Write out the records that appear below, verbatim and complete, but without pictures.

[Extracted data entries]
■ ■ ■

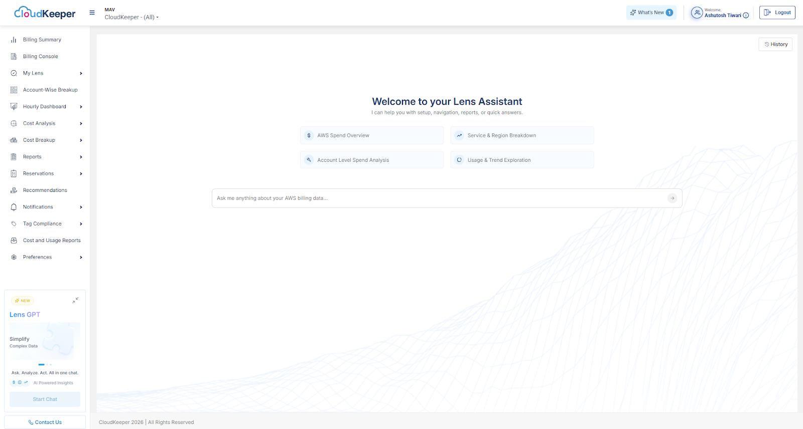 LensGPT delivers natural language querying, contextual explanations that interpret what the numbers mean, and conversation history management that allows users to view, rename, or delete past chats seamlessly. The assistant operates within CloudKeeper - Lens, ensuring a distraction-free and uninterrupted experience aligned with the product’s design standards. By reducing dashboard dependency and simplifying cost interpretation, LensGPT improves productivity, lowers the learning curve for new users, and accelerates AWS billing insights. Currently, the feature supports AWS billing data only and does not include cost optimization recommendations or RI/Savings Plan guidance in this release.
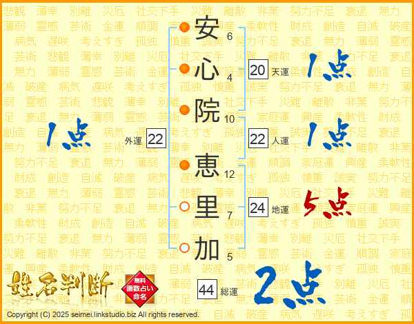 安(6画)心(4画)院(10画) 恵(12画)里(7画)加(5画)
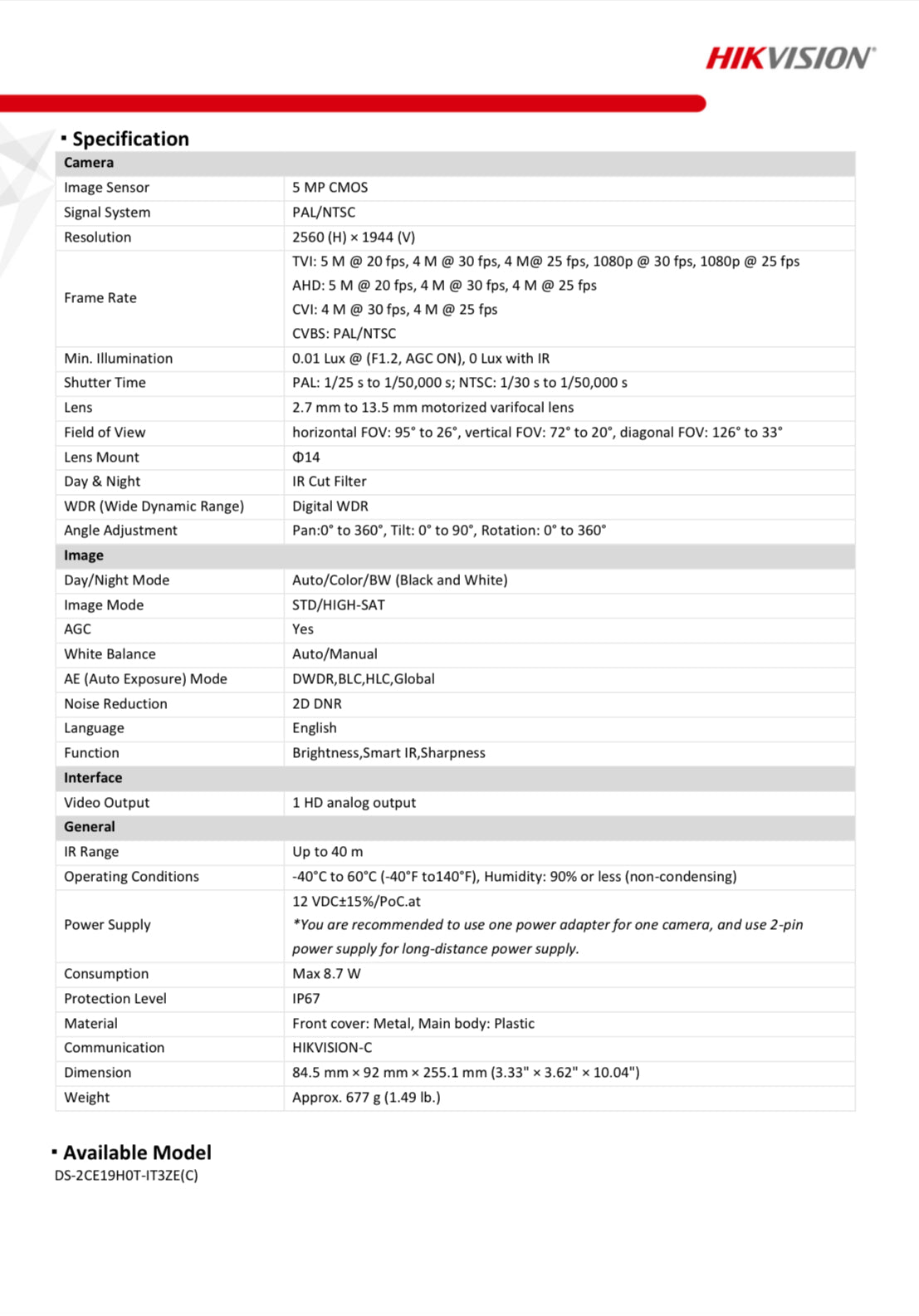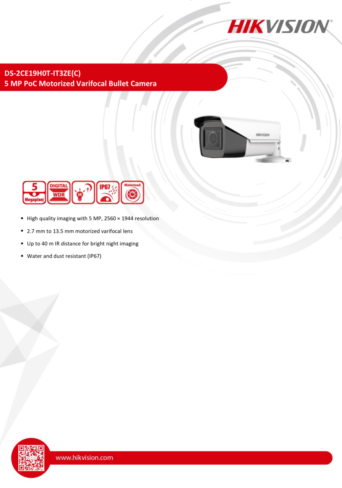 Hikvision Turbo HD 5MP PoC Motorised Vari-focal Bullet, 2.7-13.5mm Motorised lens, up to 40M IR range, 12VDC ±15%/PoC.at, 3 Year Warranty
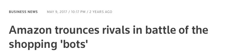 路透社在 2017 年就曾报道过,沃尔玛依靠计算机程序扫描竞争对手网站上的价格,以便相应地调整其价格列表。因为价格差50美分就可能意味着你的消费者就去别家买了。(嗯,没错,精明,是哪个国家消费者都有的事!)
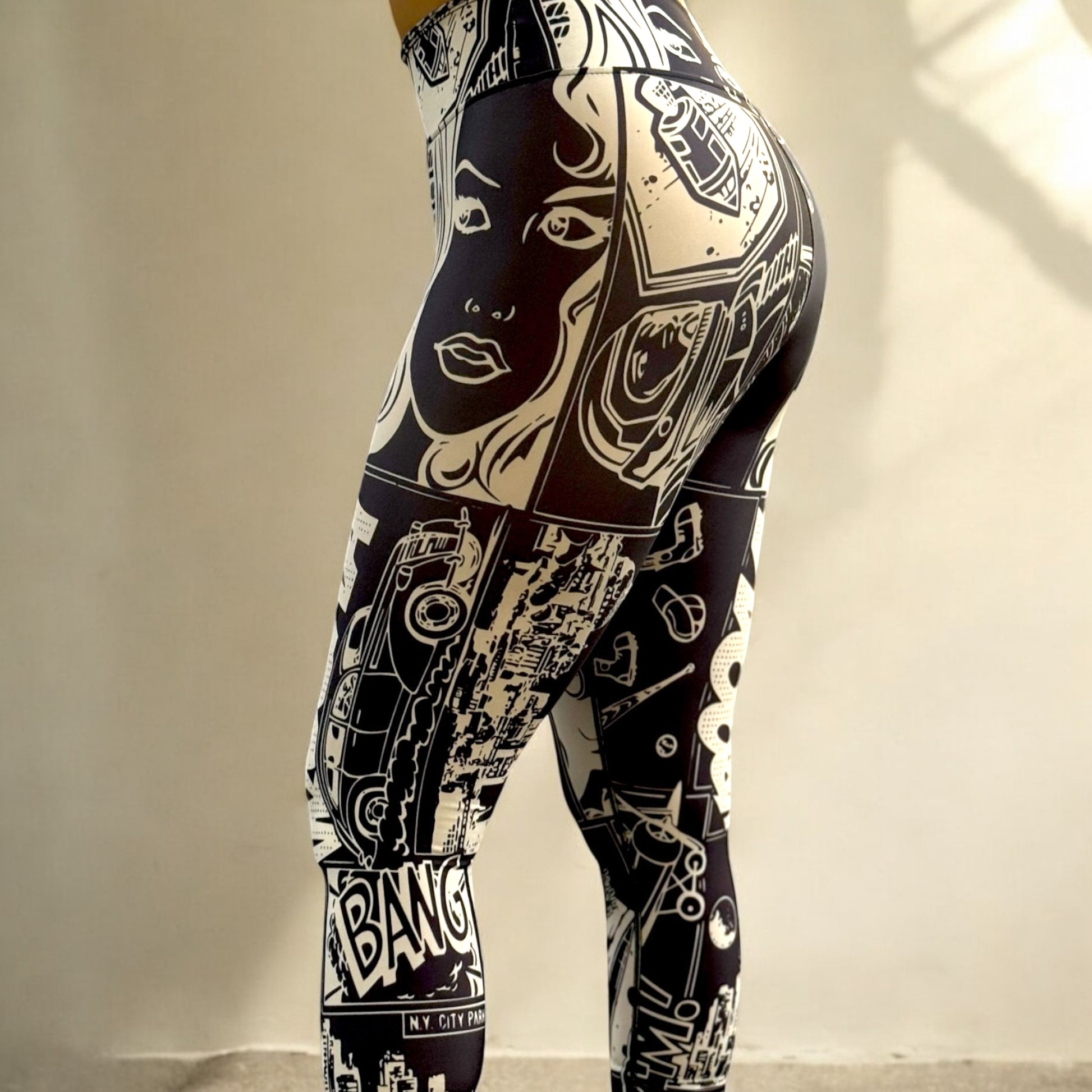 These Leggings feature a bold, Comic Book-Inspired design that instantly grabs attention. The print is a mix of striking black and white tones, filled with illustrated panels that include stylized faces, cityscapes, action scenes in a dynamic, retro-comic font. The high-waisted fit provides a sleek, flattering silhouette, keeping the look versatile and modern. Perfect for adding a playful yet edgy touch to casual outfits, workouts, or streetwear styles, these leggings combine pop-art energy with everyday comfort
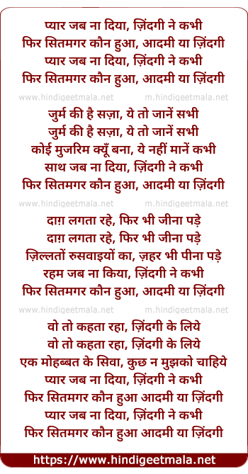 Lyrics of Pyar Jab Na Diya Zindagi Ne Kabhi Phir Stimgar - प्यार जब ना दिया ज़िंदगी ने कभी फिर सितमगर
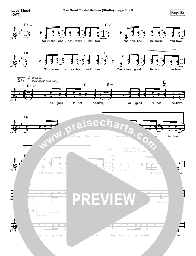 Too Good To Not Believe (Live) Sheet Music PDF (Bethel Music / Brandon Lake)
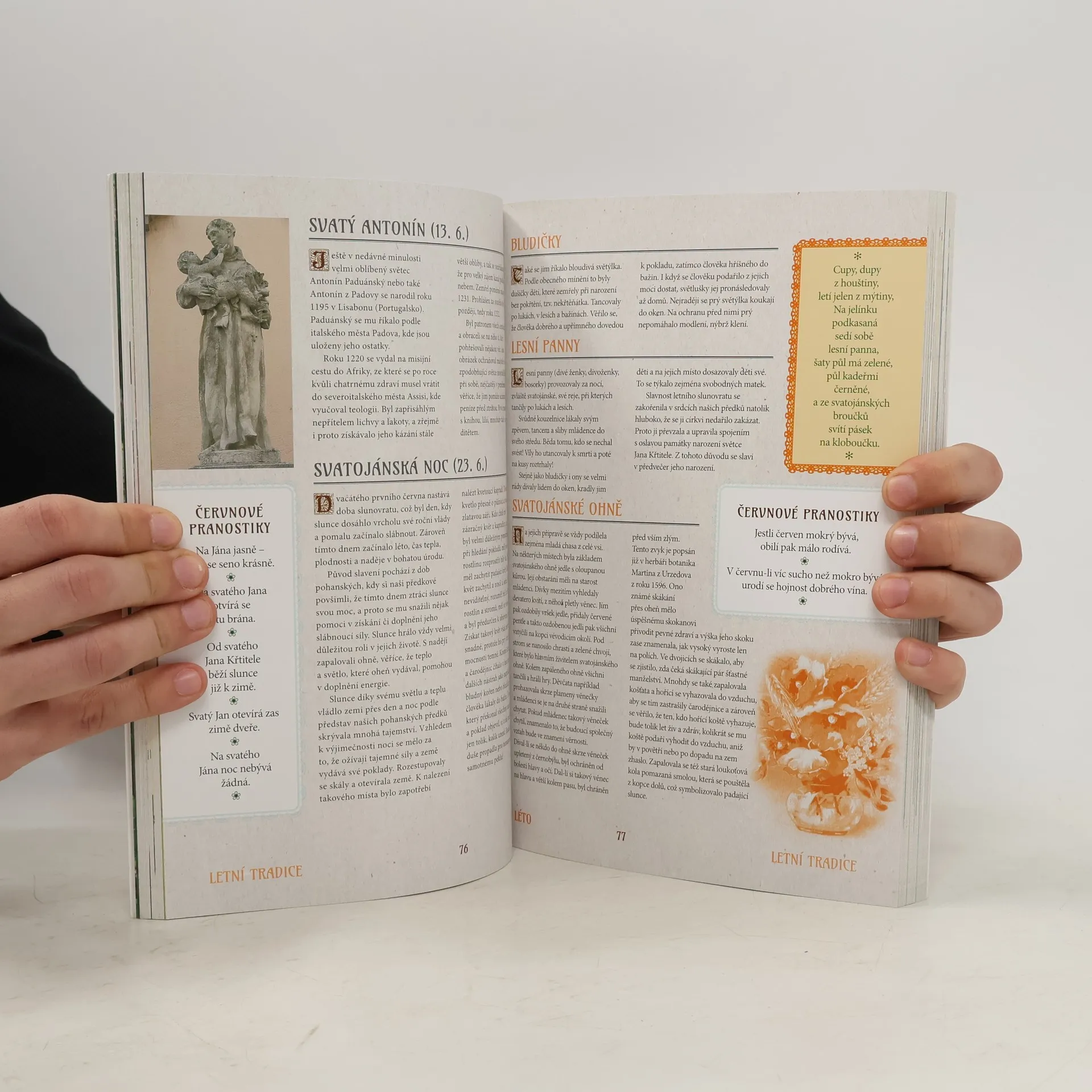 Kniha vás seznámí s nejvýznamnějšími svátky a lidovými obyčeji celého roku. Zároveň v ní najdete řadu užitečných nápadů k výrobě zvykoslovných předmětů: na jaře si upletete velikonoční pomlázku, v létě uvijete svatojánský věnec z lučního kvítí, na podzim si vyrobíte pestrobarevného papírového draka a v zimě ozdobíte vánoční stromeček tradičními lidovými ozdobami. Navíc vaše děti na těchto stránkách objeví starodávné kouzlo her našich babiček a dědečků a kuchařky se zde mohou inspirovat řadou osvědčených receptů ze staročeské kuchyně.
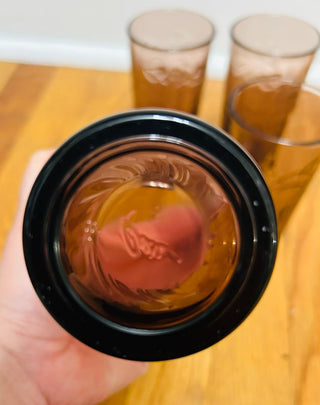 Vintage Amethyst Drinking Glass with Etched Leaf Design (set of 4)
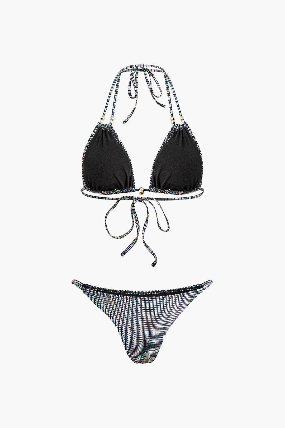 Metallic Grid Back Tie Halter Bikini Set
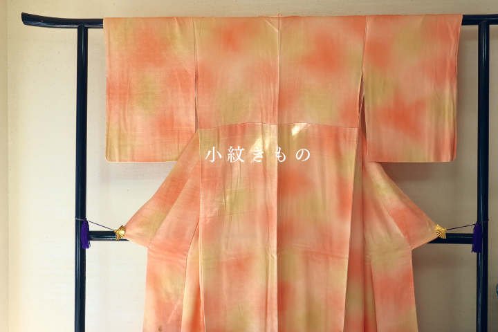 ぼかし染めのお色が美しいです。優しい雰囲気の小紋の着物。
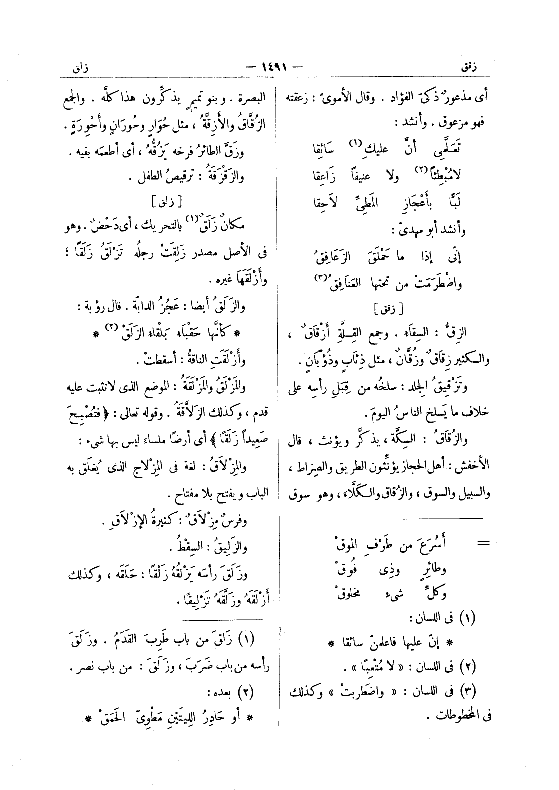 البصرة. وبنو تميم يذكرون هذا كله. والجمع الزقاق والازقة، مثل حوار وحوران وأحورة. وزق الطائر فرخه يزقه، أي أطعمه بفيه. والزقزقة: ترقيص الطفل.

■ ■ ■

_OUTPUT BELOW:_
 LensGPT delivers natural language querying, contextual explanations that interpret what the numbers mean, and conversation history management that allows users to view, rename, or delete past chats seamlessly. The assistant operates within CloudKeeper - Lens, ensuring a distraction-free and uninterrupted experience aligned with the product’s design standards. By reducing dashboard dependency and simplifying cost interpretation, LensGPT improves productivity, lowers the learning curve for new users, and accelerates AWS billing insights. Currently, the feature supports AWS billing data only and does not include cost optimization recommendations or RI/Savings Plan guidance in this release.
 安(6画)心(4画)院(10画) 恵(12画)里(7画)加(5画)
 Hikvision Turbo HD 5MP PoC Motorised Vari-focal Bullet, 2.7-13.5mm Motorised lens, up to 40M IR range, 12VDC ±15%/PoC.at, 3 Year Warranty
 路透社在 2017 年就曾报道过,沃尔玛依靠计算机程序扫描竞争对手网站上的价格,以便相应地调整其价格列表。因为价格差50美分就可能意味着你的消费者就去别家买了。(嗯,没错,精明,是哪个国家消费者都有的事!)
 These Leggings feature a bold, Comic Book-Inspired design that instantly grabs attention. The print is a mix of striking black and white tones, filled with illustrated panels that include stylized faces, cityscapes, action scenes in a dynamic, retro-comic font. The high-waisted fit provides a sleek, flattering silhouette, keeping the look versatile and modern. Perfect for adding a playful yet edgy touch to casual outfits, workouts, or streetwear styles, these leggings combine pop-art energy with everyday comfort
 Lyrics of Pyar Jab Na Diya Zindagi Ne Kabhi Phir Stimgar - प्यार जब ना दिया ज़िंदगी ने कभी फिर सितमगर
 Too Good To Not Believe (Live) Sheet Music PDF (Bethel Music / Brandon Lake)
 Kniha vás seznámí s nejvýznamnějšími svátky a lidovými obyčeji celého roku. Zároveň v ní najdete řadu užitečných nápadů k výrobě zvykoslovných předmětů: na jaře si upletete velikonoční pomlázku, v létě uvijete svatojánský věnec z lučního kvítí, na podzim si vyrobíte pestrobarevného papírového draka a v zimě ozdobíte vánoční stromeček tradičními lidovými ozdobami. Navíc vaše děti na těchto stránkách objeví starodávné kouzlo her našich babiček a dědečků a kuchařky se zde mohou inspirovat řadou osvědčených receptů ze staročeské kuchyně.
 Vintage Amethyst Drinking Glass with Etched Leaf Design (set of 4)
 Metallic Grid Back Tie Halter Bikini Set
 ぼかし染めのお色が美しいです。優しい雰囲気の小紋の着物。
 البصرة. وبنو تميم يذكرون هذا كله. والجمع الزقاق والازقة، مثل حوار وحوران وأحورة. وزق الطائر فرخه يزقه، أي أطعمه بفيه. والزقزقة: ترقيص الطفل.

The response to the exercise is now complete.